# Seat Covers



## youngdon (Mar 10, 2010)

I recently bought a Ford 150 and wanted to keep it looking brand new. I contacted a friend from here on PT whose family owns a seat cover company www.seatcoversunlimited.com These are NOT loose fitting, get bunched up under your butt, always look like seat covers from some guys. I opted for the neoprene with a digital camo center and black. They fit so well it took me a few hours to get them on.(this was a few months ago) and I have not had to adjust them once. These are made to last and look liker the factory installed them. I'll tell you up front they are not $29.99. but you get what you pay for. I opted to just do the front seats and console as my back seats are always folded up to transport the dogs. I'll buy another set for my next vehicle immediately. Take a look.





















Take a look at their site. you can order them there or if you have questions send a message to sos1inmesa (member here)


----------



## sneakygroundbuzzard (Nov 1, 2012)

here i thought when you said "seat covers"

it was gonna be a pic of a pretty girl in the passenger seat(its a trucker/cb'er thing)

them are really nice looking covers

im gonna check thier site out,would like to get some for my escape

glad to hear you bought a FORD too


----------



## prairiewolf (Feb 19, 2012)

Very nice looking, that is for sure !!


----------



## Varmintnv (Aug 17, 2012)

Nice!! I got the same covers last spring. Also in an F-150. I just opted for a different camo pattern!!

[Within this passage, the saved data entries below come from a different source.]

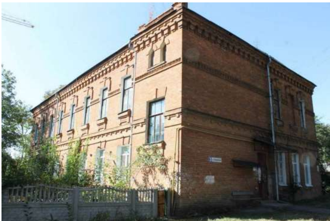
2. Будинок житловий, 1890-ті рр., вул. Петра Болбочана, 3. Фото жовтень 2016 р.

Щойно виявлений об'єкт культурної спадщини за видом археологічний.
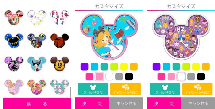
Disney 101 Art Alarm
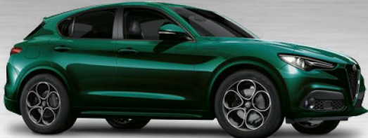
800 Verde Visconti
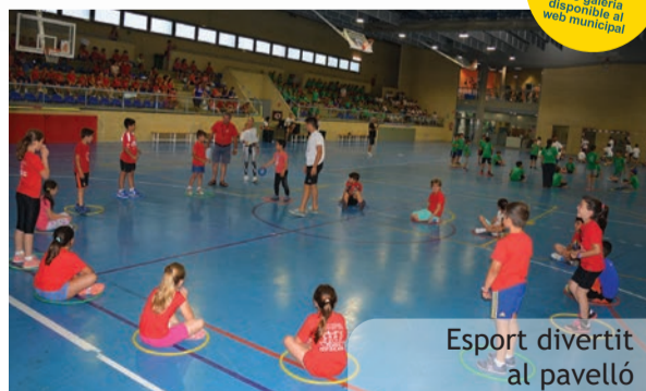
Esport divertit al pavelló

Enguany la MiniOlimpiada ha fet un pas endavant en la seua organització i ha incorporat la informatització de dades dels participants. D'esta manera s'han pogut fer dorsals per a cada atleta i llistats de participants de cada prova, cosa que ha facilitat i agilitzat els treballs de control de participació i resultats de les diferents disciplines al temps que donava un aspecte molt més "professional" als nostres xicotets atletes.
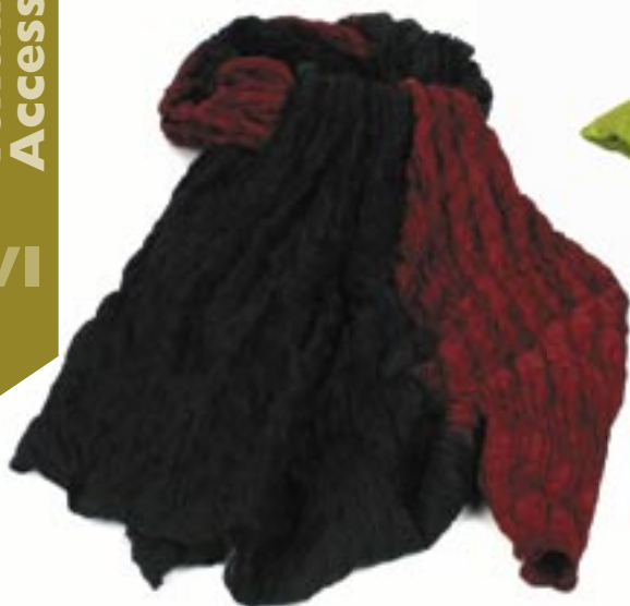
vi1-70-109 Seidenschal Crinkle-Optik, braun/schwarz, 80 x 180 cm 24,90 €
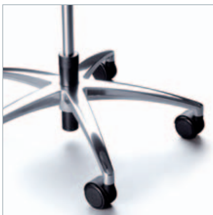
Pneumatische Sitzeinfederung (PSE) zur Entlastung der Bandscheiben beim Hinsetzen. Pneumatische zitdiepte vering (PSE) ter ontlasting van de rug, bij het gaan zitten.
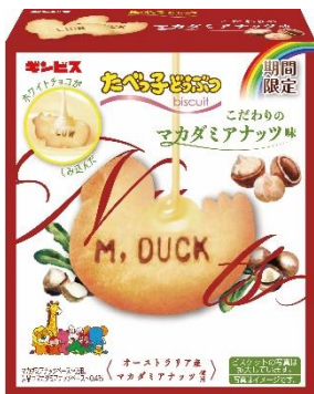
たべっ子どうぶつ こだわりのマカダミアナッツ味 50g
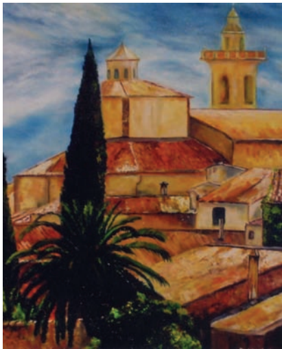
Magdalena Graf Vital und gegenständlich
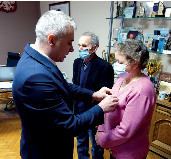
Uroczysty akt dekoracji Medalami za Długoletnie Pożycie Małżeńskie

Jubilatom życzymy zdrowia i pomyślności w życiu osobistym na dalsze lata pożycia małżeńskiego.
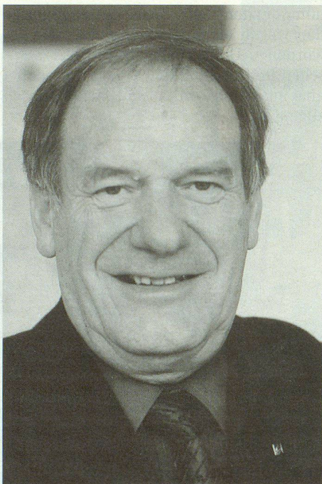
Oberst Hans-Rudolf Hasler: «Die Entwicklung des AAL geht in Richtung einer militärischen Fachhochschule.»

Die Eröffnung des AAL war ein Meilenstein in der Schweizer Militärgeschichte. Nach der Ära der «Eidgenössischen Central-Militärschule» in Thun von 1819 bis 1863 wurde die Ausbildung der Armeekader auf verschiedenen Waffenplätzen betrieben. Ein für die heutigen Anforderungen unhaltbarer Zustand. Freude über das gelungene Projekt bekundete Divisionär Jean-Pierre Badet, Kommandant des AAL. «Nach jahrzehntelangem Herumreisen können die höheren Kader der Milizarmee ab Stufe Bataillon aufwärts bis zu den Kadern der
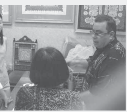
خلال استقبال بعض الزوار لمتحفه
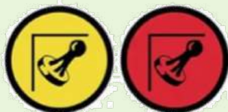
PASSAGE CONTROL CONTRÔLE DE PASSAGE

Color of control area entry: YELLOW Color of control: RED Couleur de début de zone: JAUNE Couleur du contrôle: ROUGE
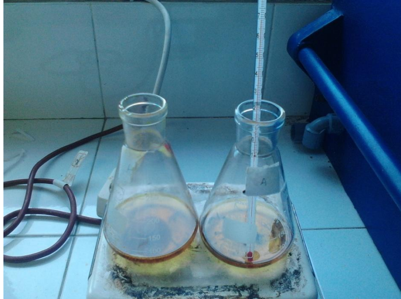
Gambar Pemanasan Minyak dengan suhu 70°C (Dokumen Pribadi, 2015)
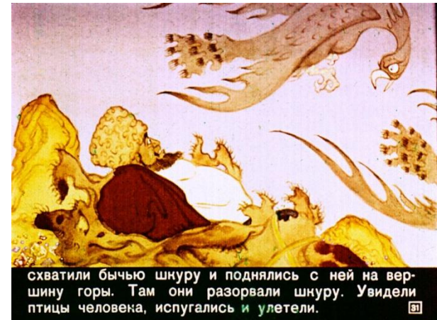
схватили бычью шкуру и поднялись с ней на вершину горы. Там они разорвали шкуру. Увидели птицы человека, испугались и улетели.

Только теперь бай узнал своего работника.
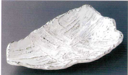
ソ134-22-2 粉引拭取り 変形9.0皿 (27×16.5×5cm) ¥2,250 2104127013
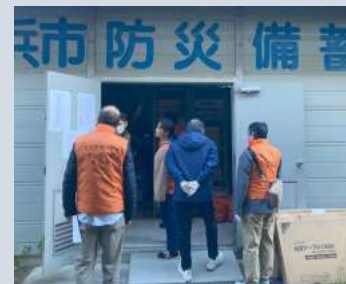
▲防災備蓄倉庫見学
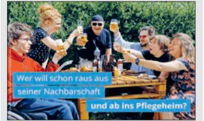
Wer will schon raus aus seiner Nachbarschaft und ab ins Pflegeheim?

Verlust des Zuhauses? Neue Kampagne der Lebenshilfe soll auf kritische Punkte des Bundesteilhabegesetzes aufmerksam machen
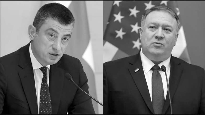
ժընկերության խարտիայի լիազուժար նիստի հարցին: Նիստի հետաձգման պատճառը «Կովիդ-19»-ն էր: Կողմերը հույս հայտնեցին, որ լիազուժար նիստը կկատարվի (Շարունակությունը՝ 2-րդ էջում)

Հուլիսի 27-ին, Վրաստանի վարչապետ Գիորգի Գախարիայի եւ ԱՄՆ պետքարտուղար Մայք Պոմպեոյի միջև, տեղի է ունեցել հեռախոսազրույց, որի ընթացքում կողմերը քննարկել են ռազմավարական գործընկերության հիմնահարցեր:
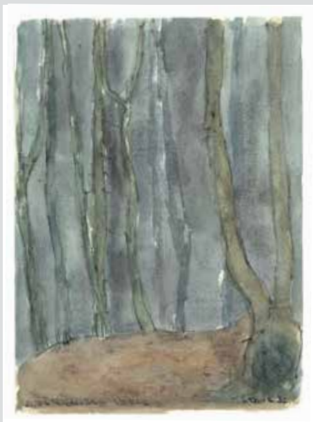
Aufsteigender Nebel, 1982
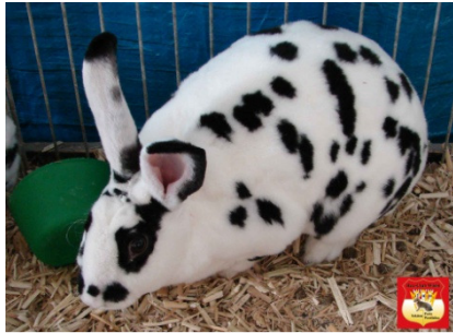
0.1 Dalmatiner-Rex sw, 96,5
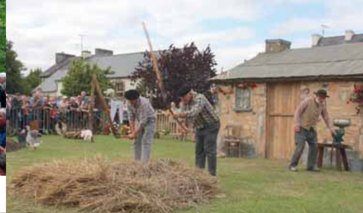
7 Août : Fête de la moisson.
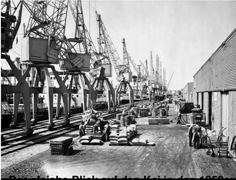
Der gleiche Blick auf den Kai in den 1950er Jahren
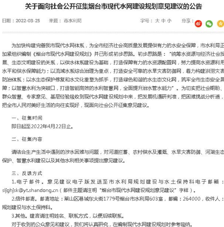
图 4-1 公众参与-网上征求意见建议截图

为提高本规划编制的科学性和针对性，广泛听取各方意见和建议，在规划初步思路形成后，烟台市水利局组织了公众参与会，受新冠疫情影响，最终选择了公众线上参与模式，于2022年3月24日在烟台市政府门户网站发布了“关于面向社会公开征集烟台市现代水网建设规划意见建议的公告”，公告截图如下。
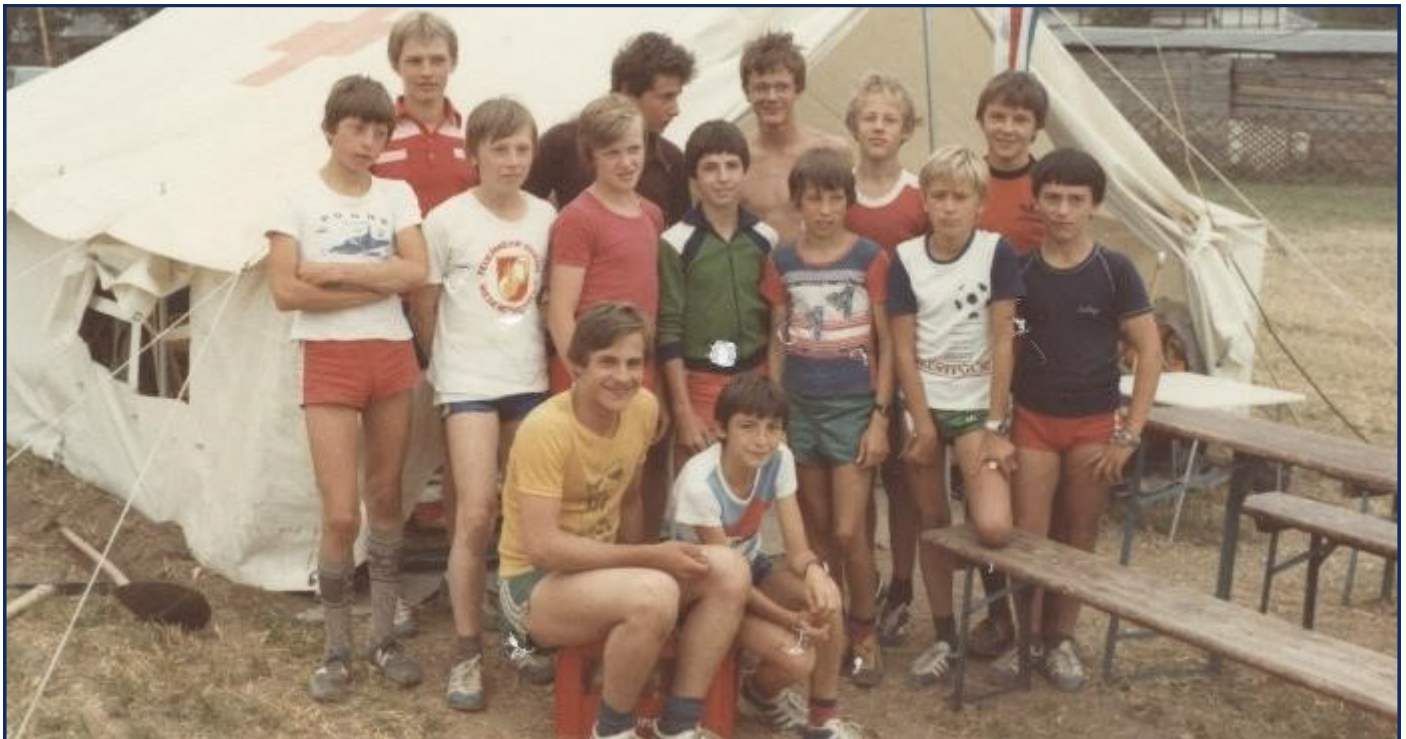
Mitglieder Feuerwehrjugend 1981
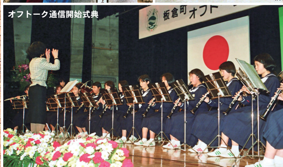
オフトーク通信開始式典
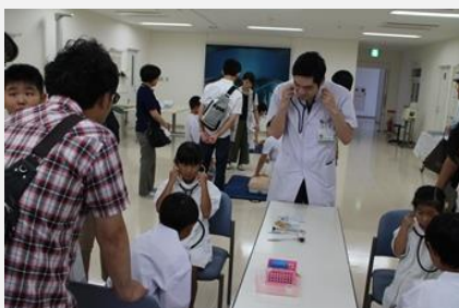
研修医の指導で診察体験、心臓マッサージ、AEDの体験
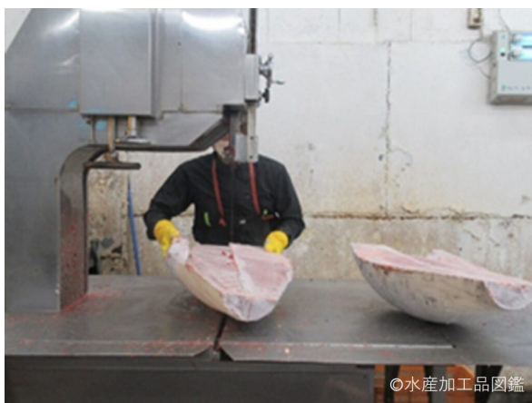
写真1 裁割機
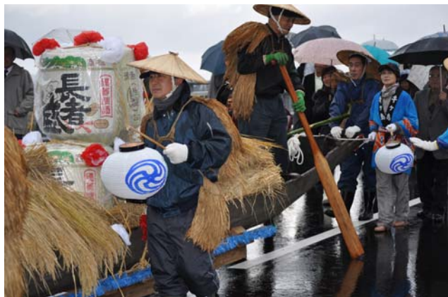
開通の祝い舟を引く地元の人々

11月28日（日曜日）、農免道路牛ヶ島線「牛ヶ島大橋」が完成し、牛ヶ島地区主催の開通式典が行われました。当日はあいにくの天候にもかかわらず地元住民や関係者約250人が完成を祝いました。
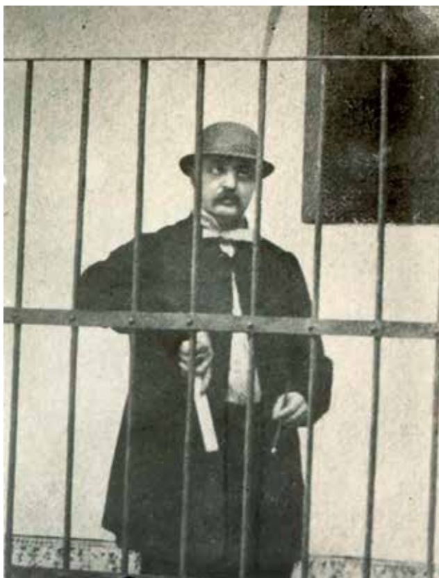
Miroslav Vilhar (1818–1871), slovenski pisatelj, skladatelj in politik, ki je organiziral tabor na Kalcu.

izhajali v Celovcu (nekaj let Einspielerjev Slovenec) in šele leta 1868 je na Štajerskem s finančno podporo Slovencev na Štajerskem začel izhajati časopis Slovenski narod. 14
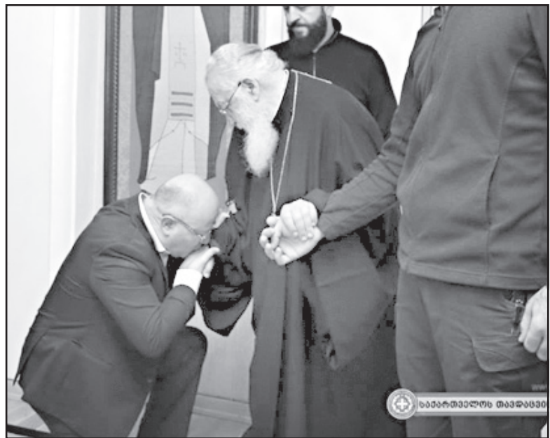
მეორე ნახევარში, შეისწავლიან საღვთო სჯულს, ქართულ ენასა და ლიტურატიურას, ისტორიასა და ხელობას, მშენებლობას ან საოჯახო საქმიანობას. ეს ძალიან საჭიროა. ადამიანი ჯარიდან რომ წავა, მან უნდა შეინახოს თავისი ოჯახი, – განაცხადა უწმიდესმა.

– ჩვენ გვმზადდებით სინოდის სხდომისთვის, სადაც ერთ-ერთი საკითხი იქნება საკვირაო სკოლები, კვირასა და კვირის სხვა დღეებში, დღის

Life's too short not to hunt coyotes!!


----------



## Ruger (Jan 22, 2011)

Nice looking seat covers! Sorry that you guys drive Fords!!! Lol


----------



## youngdon (Mar 10, 2010)

Don't be sorry Wayne....be jealous ! LOL Truth be told my last two trucks were Dodges and I liked them. 1 Hemi, 1 diesel. The smoker would haul your house.


----------



## hassell (Feb 9, 2010)

Nice covers YD, thanks for sharing, I'll have to check it out.


----------



## catcapper (Feb 11, 2010)

Those are nice look'in seat covers.

Wayne, Wayne, Wayne. For the last 10 years, 95% of all Chevy's are still on the road------------------->>>> the rest made it home. :roflmao:

awprint:


----------



## Jonbnks (Jan 21, 2012)

Very nice seat covers indeed. When I get my new truck in a year or so, I'll have to look into buying some of these seatcovers.


----------



## Varmintnv (Aug 17, 2012)

They're pretty pricey, but well worth the $ in my opinion. Love mine and they still look brand new!

Life's too short not to hunt coyotes!!


----------



## SWAMPBUCK10PT (Apr 5, 2010)

*Nice Don---if I don't trade my 2010 f-150 in I'm going to look into it---would love to put snow camo covers on----[ can't get use to the green the snow is gone]-------sb*


----------



## Bigdrowdy1 (Jan 29, 2010)

Skip you buy snow camo and you might lose your truck for 9 months out if the year!!


----------



## knapper (Feb 5, 2010)

Just don't leave it running.


----------



## sos1inmesa (May 11, 2011)

Don, those look awesome!


----------



## kiyote (Jun 15, 2014)

another nice seat cover


----------



## youngdon (Mar 10, 2010)

sos1inmesa said:


> Don, those look awesome!


Thank YOU Jake.


----------